Novo Nordisk Secures EU Approval for Higher Wegovy Dose, Yet U.S. Pricing and Share Risks Dominate Investment Case

What happened

The European Commission has approved a 7.2 mg maintenance dose of Wegovy, based on a study showing about 21% average weight loss over 1.5 years in 1,407 adults. This regulatory win expands Novo's obesity portfolio in Europe, a key growth region, but the DeepValue report underscores that the company faces severe U.S. pricing pressure, share loss to competitors, and high fixed-cost commitments.

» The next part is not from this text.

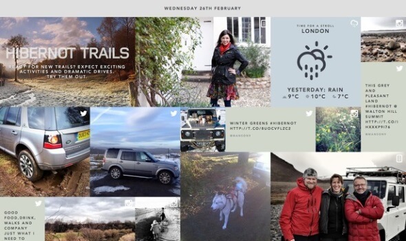 В январе LandRover запустил кампанию #Hibernot, которая была построена вокруг онлайн-центра для зимних поездок, прогулок и мероприятий по всей Великобритании.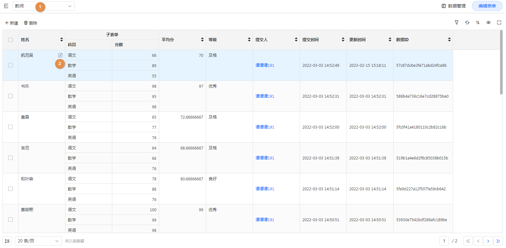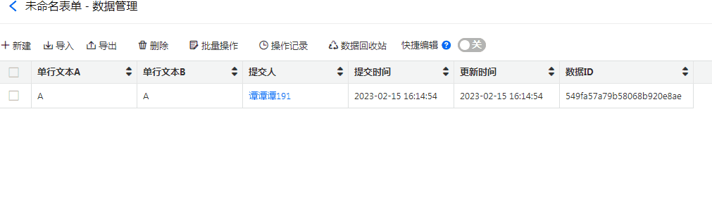 - 数据管理处快捷编辑数据时,不触发表单提交校验、数值范围校验、必填校验等,触发重复值校验、聚合表校验、扩展体系、联动和公式等。

Critically, the approval does not address the near-term operational risks highlighted in the report, such as FDA advertising scrutiny for oral Wegovy and the upcoming price step-up test on April 15, 2026. While the higher dose may bolster European sales, it is unlikely to offset the guided FY2026 sales decline of -5% to -13% (CER), which is driven by U.S. headwinds like rebate increases and competitive encroachment. Thus, this news represents a marginal positive in a broader narrative where investors await proof that U.S. challenges are contained.

Implication

The approval strengthens Novo's competitive position in Europe, potentially supporting international growth to mitigate U.S. declines, but it fails to alleviate the critical issues of net price compression and market share loss in the U.S., which are central to the investment thesis. Management's guidance for FY2026 sales and operating profit declines remains unchanged, emphasizing that European gains may be insufficient to alter the near-term outlook, especially with high capex commitments of ~DKK 55 billion. Investors must still focus on upcoming catalysts, including Q1 2026 revenue recognition from 340B provisions, FDA resolution on misleading Wegovy ads, and oral Wegovy refill durability post the April 15 price hike, which will test demand sustainability. The stock's current valuation at 13.5x P/E offers limited margin of safety, as downside risks from accelerated U.S. net price erosion or under-utilized manufacturing capacity could materialize if these catalysts disappoint. Consequently, maintaining a cautious approach is prudent until clearer evidence emerges that the U.S. reset is temporary rather than indicative of a multi-year downturn.

Thesis delta

The EU approval adds a positive data point for Novo's international growth but does not shift the fundamental thesis that near-term returns depend on evidence that U.S. price-and-share erosion is contained to 2026. The core 'WAIT' rating and probability-weighted scenarios remain unchanged, as the news does not impact key risks like FDA advertising compliance or oral Wegovy persistence, which are critical for reassessing the call in the next 3-6 months.